Question

Square ABCD is located on a coordinate plane. The coordinates for three of the vertices are listed below. ~A(2,7) ~C(8,1) ~D(2,1) Square ABCD is dilated by a scale factor of 2 with the center of dilation at the origin, to form square A' B' C' D'. What are the coordinates of vertex B'? Explain how you determined your answer.

Answer 1

B' (16, 14)

Explanation:

Whenever we have a dilation with a scale factor b, we get the new point as:

Let original point be (x,y), then the dilation would make it (bx, by).
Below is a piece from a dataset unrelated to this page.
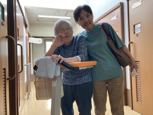 丁度お茶の時間に二人でお部屋からみんなのいるフロアーへ行くところです(^^)/
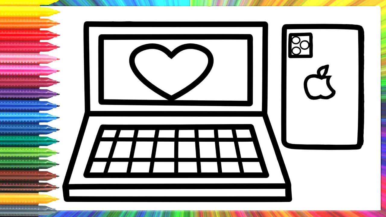 Glitter Laptop & Iphone Drawing and Coloring | Vẽ và tô màu máy tính điện thoại

There is a diagonal that goes through AC and another through BD. The midpoint of both the diagonal is same. Midpoint formula is:

`((x_1+x_2)/(2),(y_1+y_2)/(2))`

Midpoint of AC:

`((x_1+x_2)/(2),(y_1+y_2)/(2))\\=((2+8)/(2),(7+1)/(2))\\=(5,4)`

Now let vertex B have coordinates (x,y). Midpoint of BD:

`((x_1+x_2)/(2),(y_1+y_2)/(2))\\=((x+2)/(2),(y+1)/(2))`

Equate this to the midpoint of AC:

(x+2)/2=5

x+2 = 10

x = 8

and

(y+1)/2=4

y+1=8

y = 7

Thus, B(8,7)

recalling dilation of scale factor 2 rule we said at the beginning, B' would be twice of each coordinate. Hence B' = (16,14)